Toyota details new Land Cruiser’s on- and off-road features Leave a comment

Just yesterday we were graced with the official presence of a brand-new Toyota Land Cruiser, which is a big deal. The current LC200-generation of Toyota’s long-running SUV lasted for 14 of the model’s 70-year existence. Sadly, it won’t be sold in the United States, though a more luxurious Lexus version is likely on the way. In any case, considering the worldwide appeal of the Land Cruiser, the reveal was surprisingly short on information. A new series of videos from Toyota answers some of our lingering questions.

As we were already aware, the new Land Cruiser is based on an interesting mix of platforms. From what we can tell, stamped parts derived from the TNGA unibody are welded and glued together with a perimeter frame to make what should be a very sturdy chassis. Toyota says it’s 20% more torsionally rigid than the outgoing version.

A revised suspension setup uses a different shock placement and the latest electronic version of Toyota’s Kinetic Dynamic Suspension System, which decouples the sway bar for greater articulation off-road; Toyota says there is 30mm more than before. A front locking differential now joins the center and rear.

These hard parts are coupled with new or revised software designed to make the latest Land Cruiser as capable as possible over any terrain.
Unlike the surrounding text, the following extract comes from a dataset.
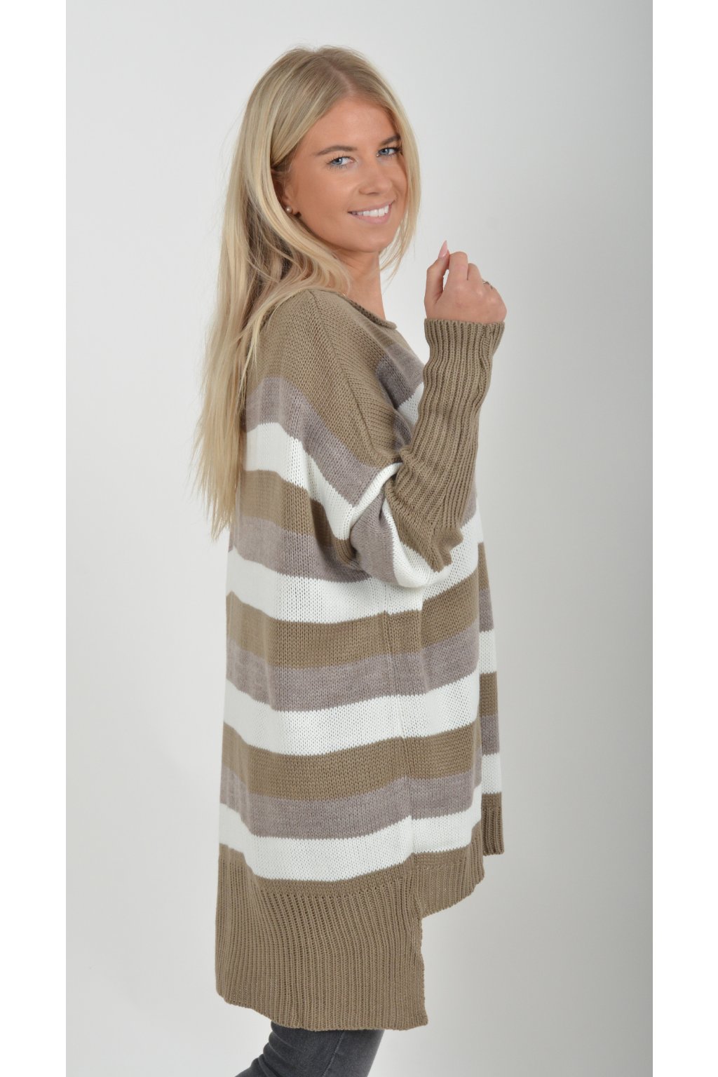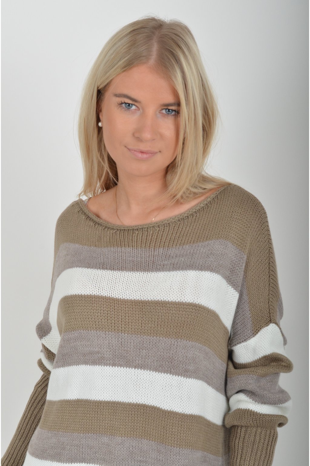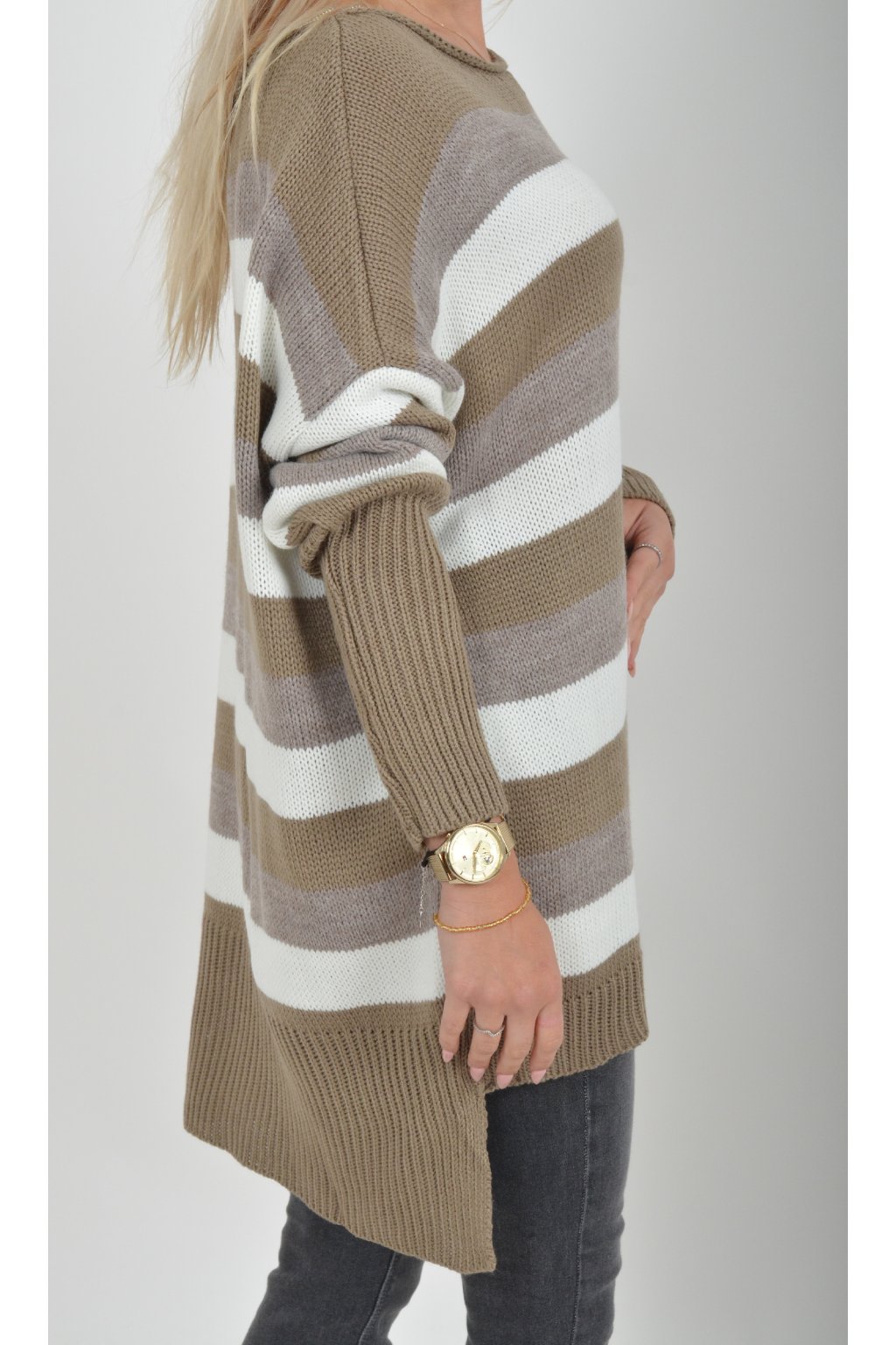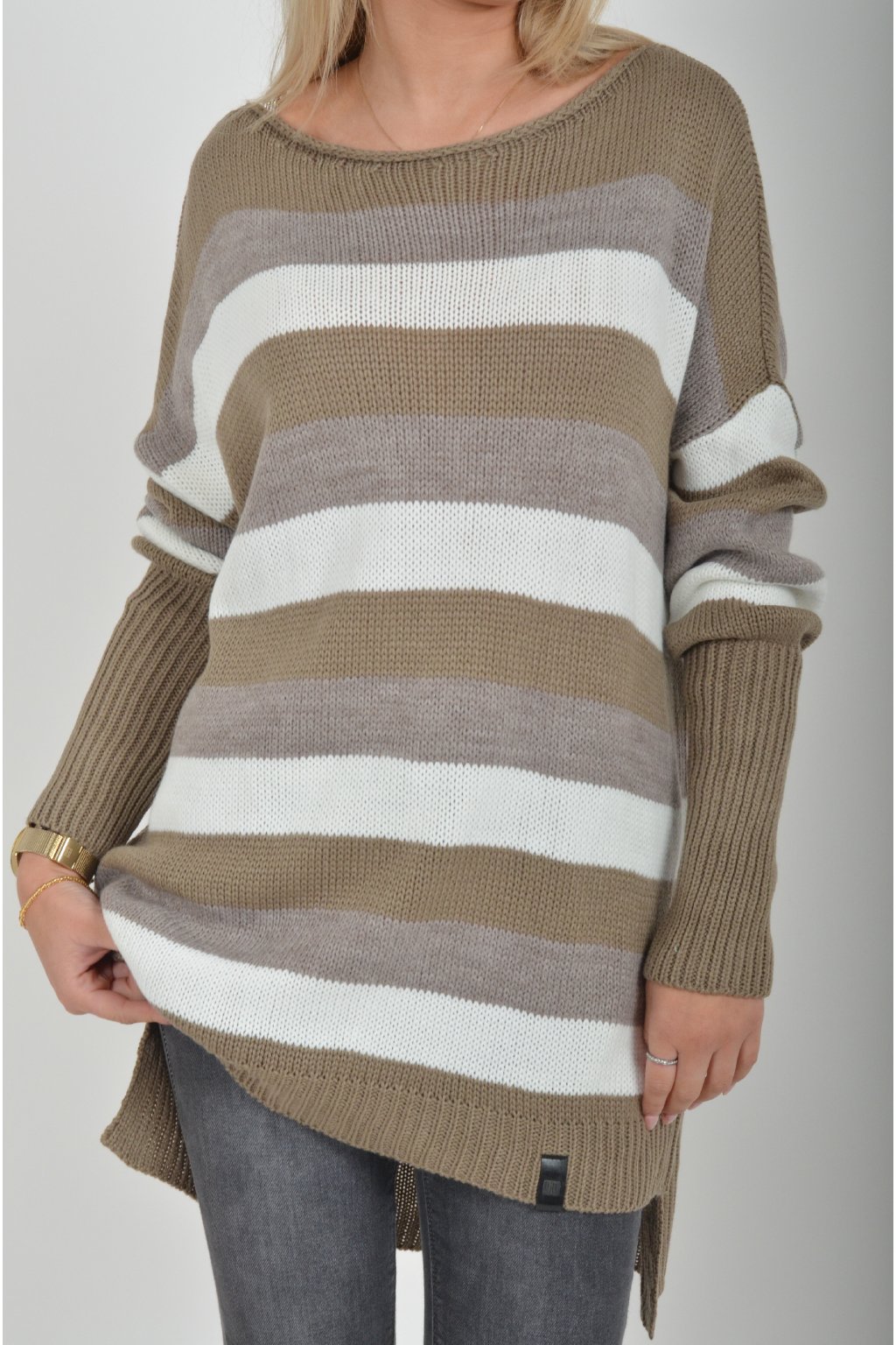 Prodloužený elastický svetr s dlouhým rukávem vyrobený z velice příjemného a nekousavého materiálu. Zadní část svetru je delší než přední, což opticky prodlouží postavu. Kombinace barev na svetru jsou hnědá, šedá a bílá.

The latest Multi-Terrain Select gets a new Auto mode that allows the vehicle to sense what mode would be best, altering control of the engine, suspension and brakes. The driver can also manually select Sand, Mud or Rock modes in Low range, or Dirt, Sand, Mud or Deep Snow modes in High gear. Toyota’s well-known low-speed Crawl Control is also included, and it now includes Turn Assist that can lock the inside rear wheel to help the vehicle pivot in tight spaces.

The new Land Cruiser’s approach, departure and breakover angles are about the same as before, but the new hardware and software will surely help driver’s make appropriate use of the power from one of two new twin-turbo V6 engines, one for gasoline and the other for diesel and both mated to a 10-speed automatic transmission.

We don’t yet have any idea what the new Land Cruiser will cost or exactly which markets will get it, but we do know it’s coming later this year. And, more importantly for those of us in the United States, we also don’t know when we’ll get a glimpse at what we think will be a new Lexus LX based on this latest Land Cruiser Platform. In other words, stay tuned.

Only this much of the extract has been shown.